I agree with everything you've said, and about refinements in particular. TLA+ newcomers often think of refinement as an advanced tool, but it's one of the most pragmatic and effective ways to specify.

But I'd like to add some nuance to this:

> And pure maths that can be exhaustively checked by the computer? It’s not as perfect as a proof but it’s great for a lot of practical applications.

1. A run of a model checker is exactly as perfect as a proof for the checked instance (which, indeed, is a weaker theorem than one that extends to an unbounded set of instances). In fact, it is a proof of the theorem when applied to the instance.

2. A proof is also not perfect for real software. A proof can perfectly convince us of a correctness of an algorithm, which is a mathematical construct, but a software system is not an algorithm; it's ultimately a physical system of silicone and metal elements that carry charge, and a physical system, unlike an algorithm, cannot be proven correct for the simple reason it's not a mathematical object. Virtually all correctness proofs assume that the hardware behaves correctly, but it only behaves correctly with high probability. My point is only that, unlike for algorithms or abstract theorems, there can be no perfect correctness in physical systems. Increasing the confidence in the algorithm beyond the confidence in the hardware (or human operators) may not actually increase the confidence in the system.
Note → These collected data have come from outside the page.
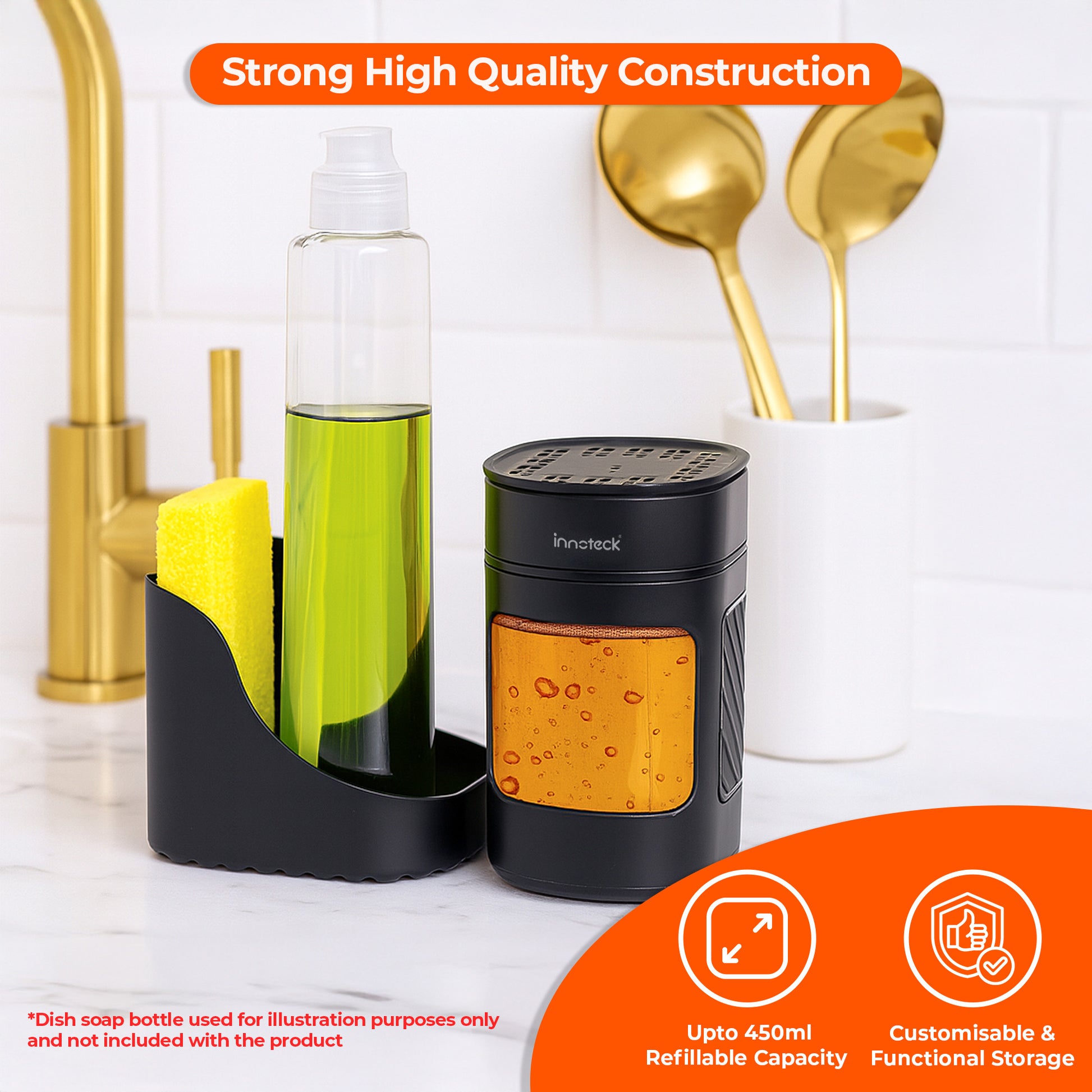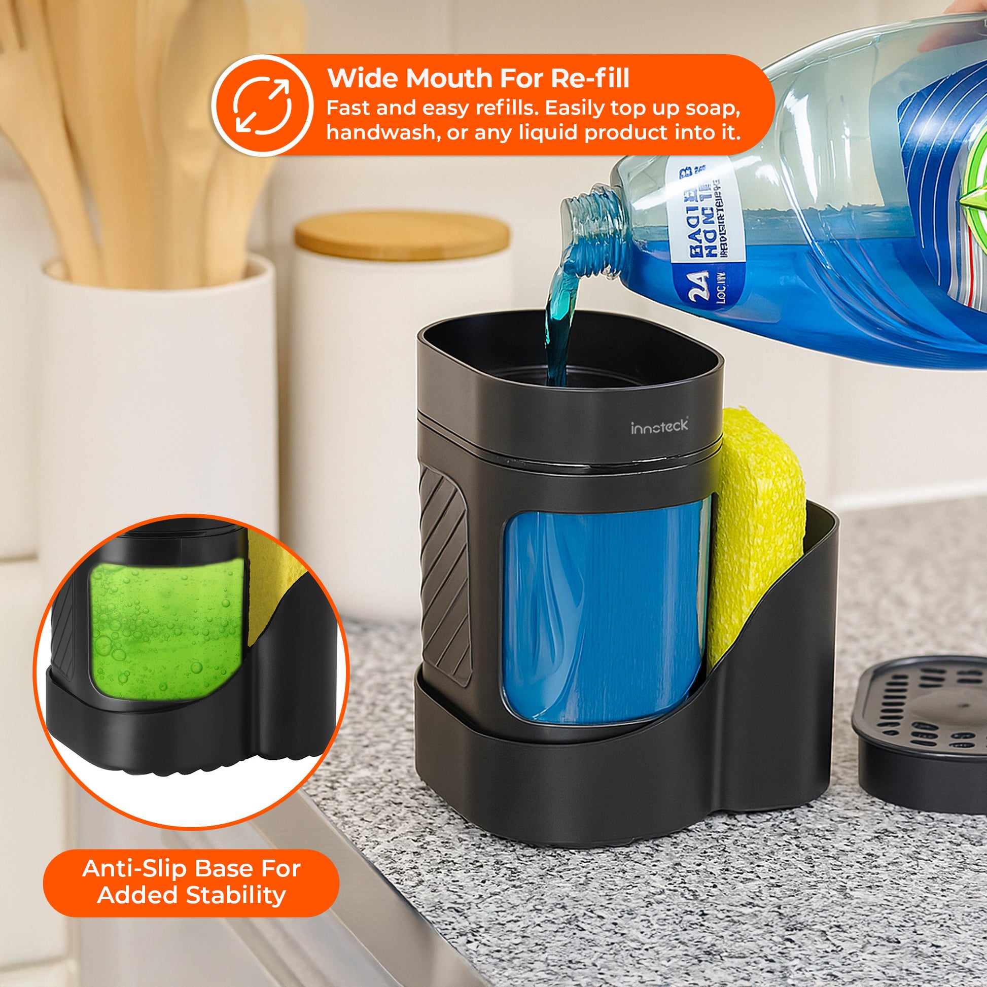 Simply press the pump with your sponge or hand to dispense the right amount of soap directly. The smooth pump action is designed for single-press, mess-free dispensing.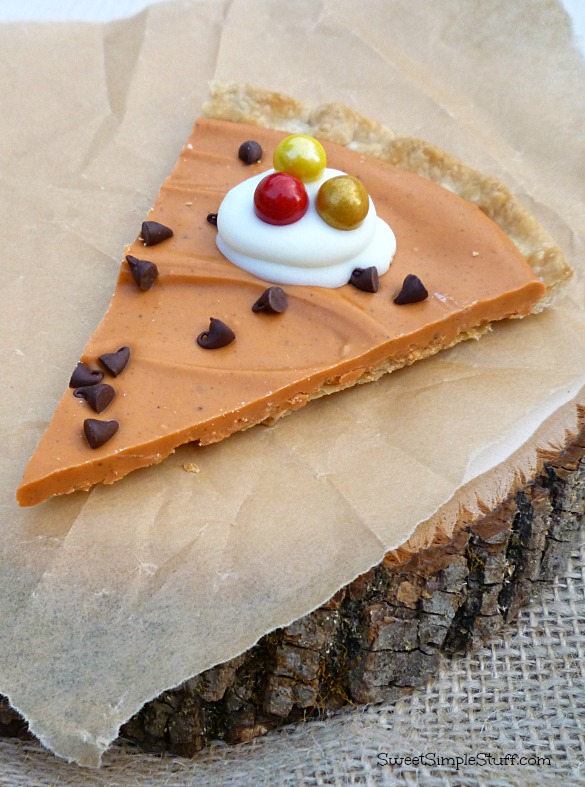 I don’t normally serve my pie with a candy pumpkin on top … since this isn’t really pumpkin pie … figured it was OK here. This is just a fun little treat … hope it puts a smile on your face 🙂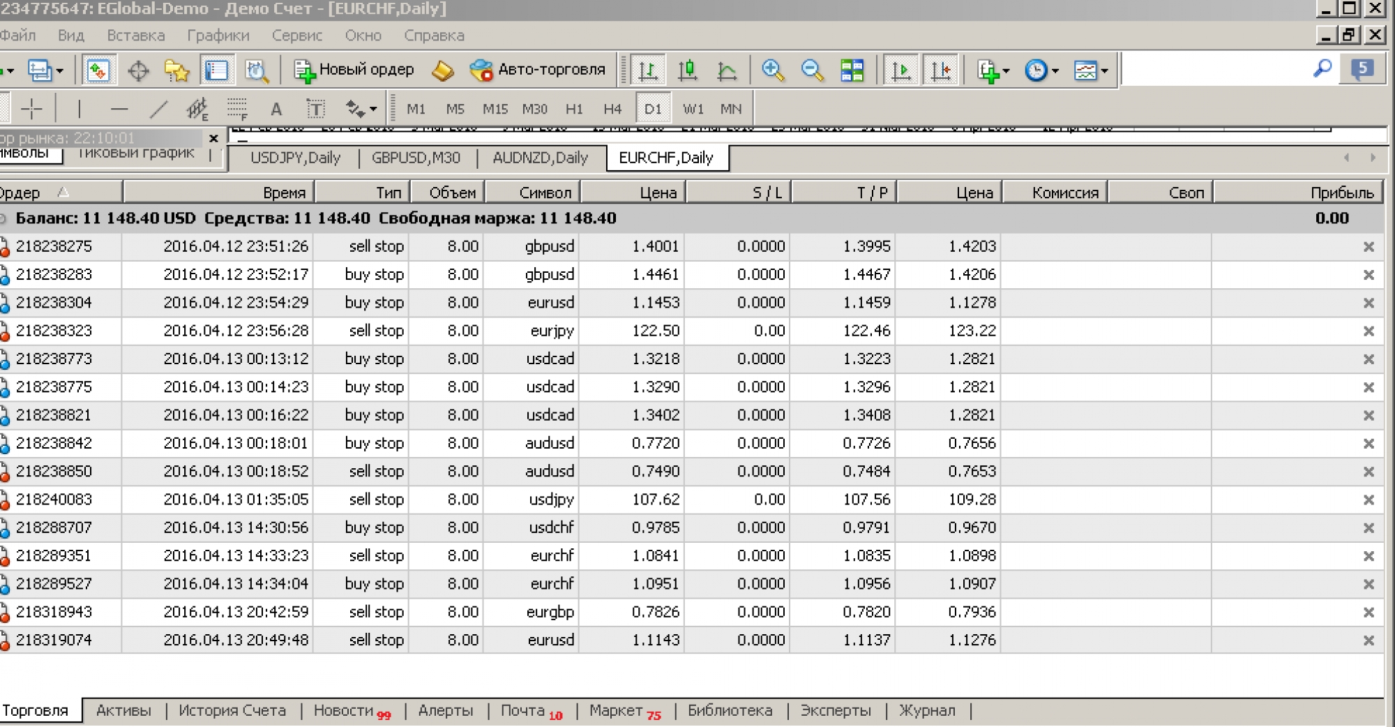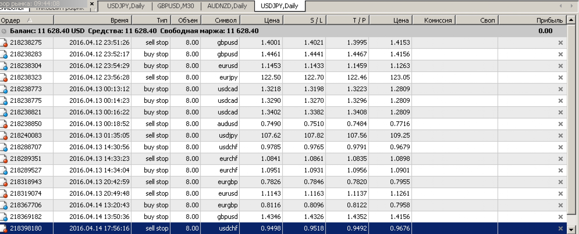 Стопы, профит, объемы (лоты):
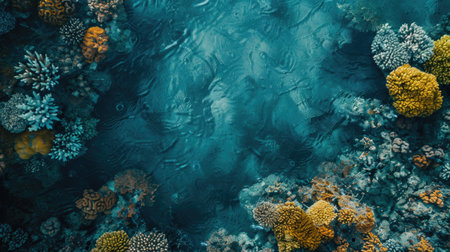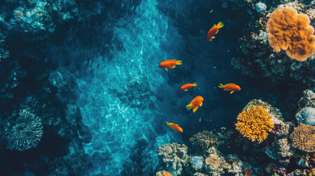 Cinematic view of vibrant coral reef teeming with life and color from above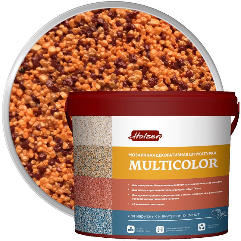 Хольцер Мультиколор Ф - мозаичная акриловая декоративная штукатурка, предназначенная для формирования тонкослойных покрытий с выразительной мозаичной фактурой. Продукт полностью готов к нанесению. В составе цветная мраморная и кварцевая крошка в разных сочетаниях. Разные сочетания, дают разные цвета и иллюзию натурального природного камня.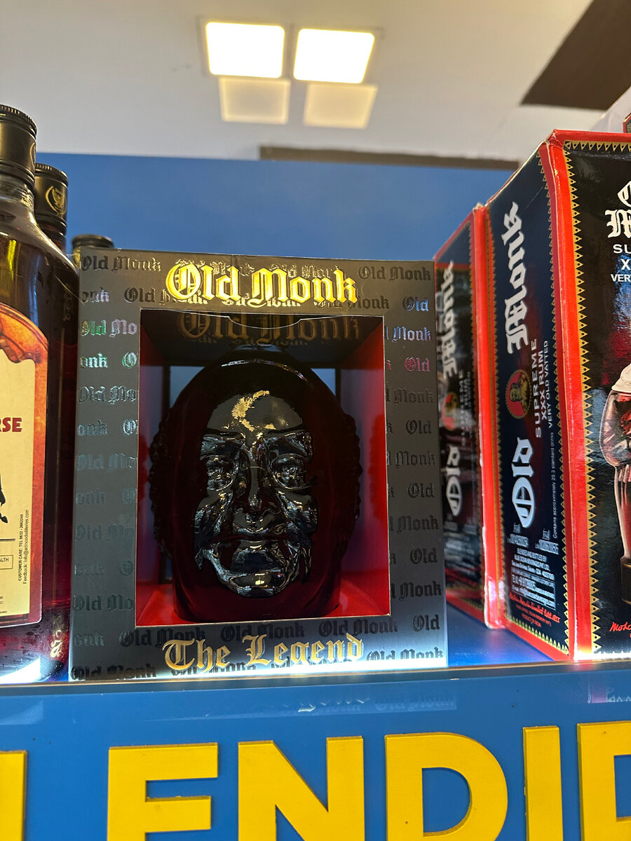 Речь пойдет о ценах в Гоа, цены в магазинах фиксированные. Да, действительно, с учетом нынешнего курса рубля к рупии, всего шестьдесят рублей, самая дешевая бутылка, но не значит, что здесь какой-то подвох. Возможно есть и другие варианты рома Олд Монк, Самый презентабельный в виде головы, не совсем удобный в перевозке, слишком много места в чемодане занимает Ценник - 550 рупий Самый ходовой, семилетней выдержки на 0.750 литра, 250 рупий, такой прикупил домой Обратите внимание на выбитую цену - 250, столько он должен стоить во всех магазинах, цена фиксированная Для ассортимента, взял еще Олд Монк 12-ти летней выдержки за 350 рупий Дома уже распробовали, приходили друзья в гости, всем понравился, на вкус уникальный что-то есть с травами, пьется легко, с запахом кофе (сам понюхал) И вот Олд Монк, справа бутылочки по 60 рупий, удобно брать на подарки Понравился вариант в пластиковой бутылке, те же 250 рупий за 0.75 л. актуально для перевозки в чемодане в багаже, точно не разобьется. С т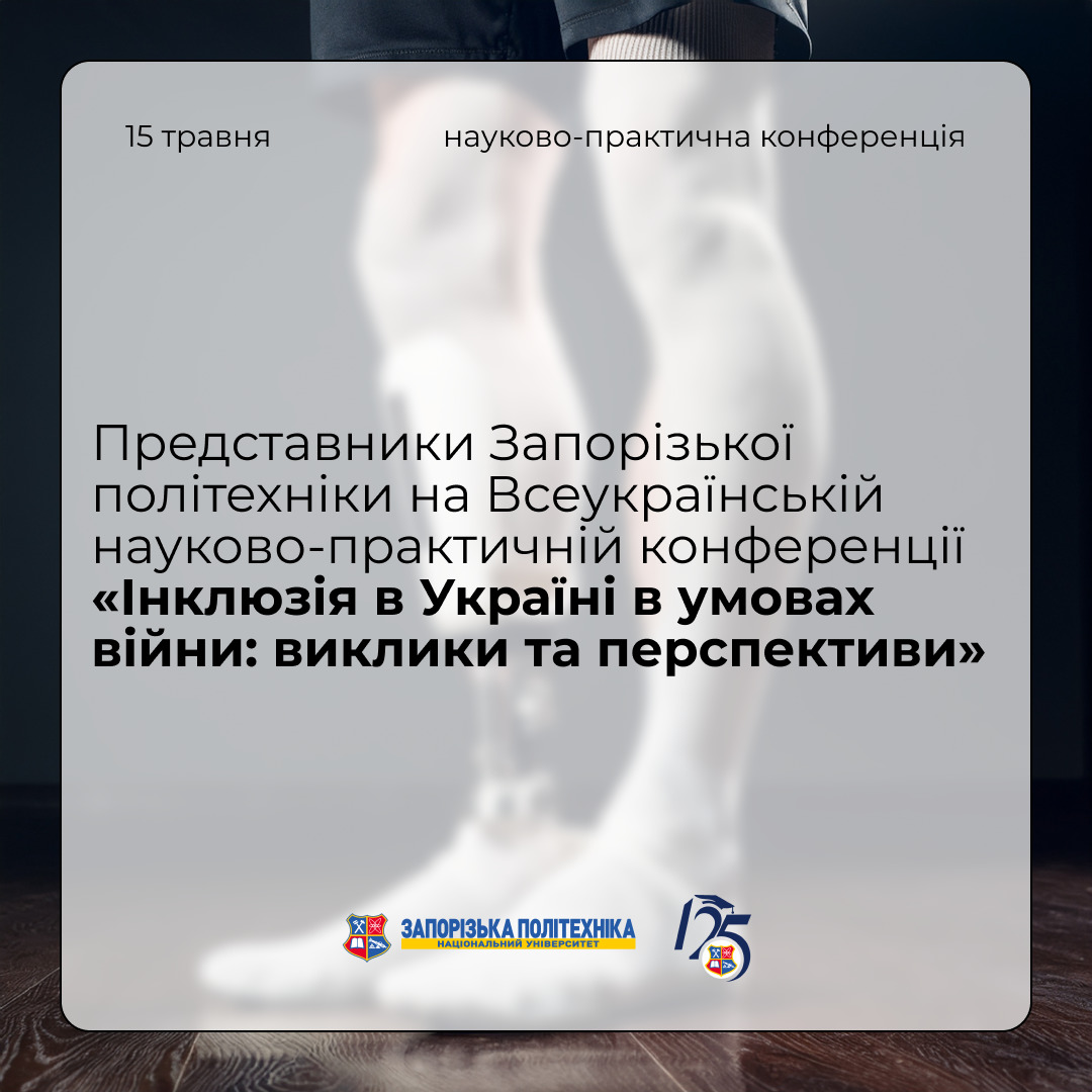 15 травня пройшла Всеукраїнська науково-практична конференція на тему «Інклюзія в Україні в умовах війни: виклики та перспективи». НУ «Запорізька політехніка» був одним з організаторів заходу, разом з партнерами: Відкритий міжнародний університет розвитку людини «Україна», Хмельницький інститут соціальних технологій Університету «Україна», Карпатський інститут підприємництва Університету «Україна», Волинський національний університет імені Лесі Українки, Луганський національний університет імені Тараса Шевченка, Кам'янець-Подільський національний університет імені Івана Огієнка та Хмельницький національний університет.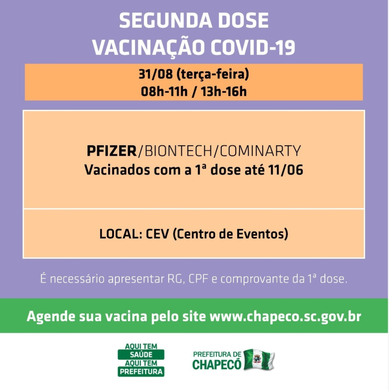 O agendamento deve ser feito no site da Prefeitura (www.chapeco.sc.gov.br). No dia da vacinação é necessário apresentar RG, CPF e comprovante de segunda dose.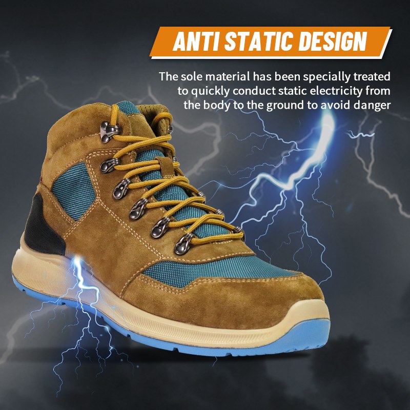 Das Sohlenmaterial wurde speziell behandelt, um statische Elektrizität schnell vom Körper zum Boden zu leiten und Gefahren zu vermeiden.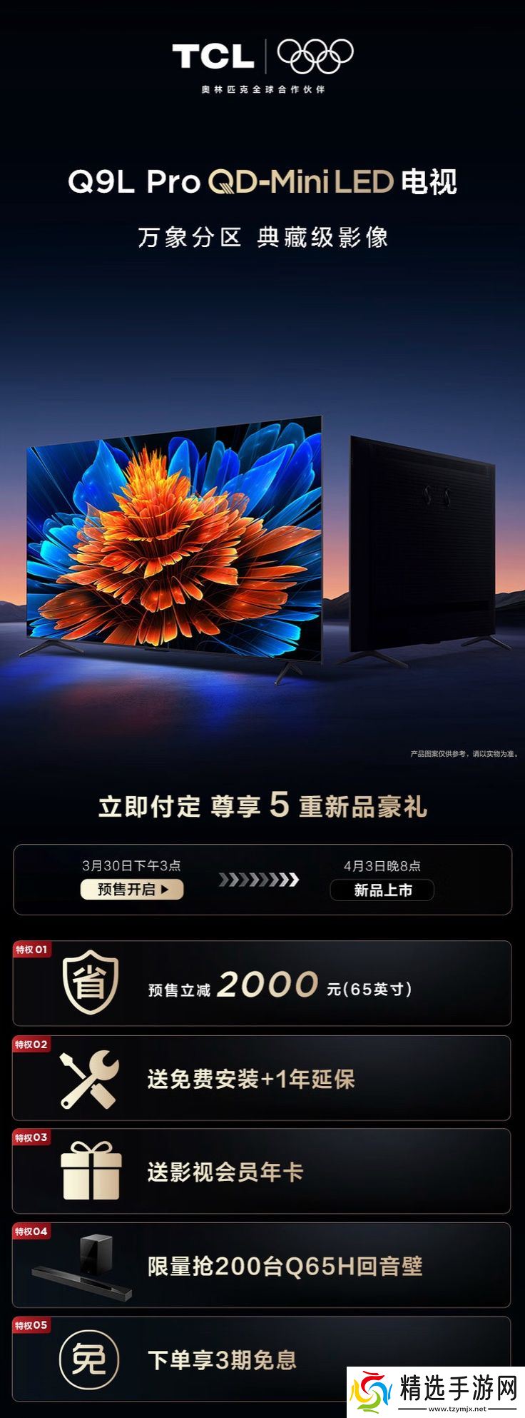 京东 TCL Q9L Pro 系列电视 4299 元直达链接

	▲	agentultra 7 days ago \| parent [-]
		Absolutely, I was waving my hands a lot there. Thanks for adding that. And I’d also add the small model theory from Software Abstractions: if there is an error in your spec in a large instance then it is likely also going to appear in a small one. Most of errors can be caught by small instances of a model. I only mention it because the common retort when people find out that the model checker only exhaustively checks a limited instance is, software is complex and you can’t model everything. It’s true. But we don’t need models that account for the gravitational waves in our local region of space to get value from checking them. And neither do most programmers when they use unit tests or type checkers. And proofs… I think I might disagree but I don’t have the professional experience to debate it fully. I do know from a colleague who does proof engineering on a real system written in C++ that it’s possible however… and likely more difficult than model checking.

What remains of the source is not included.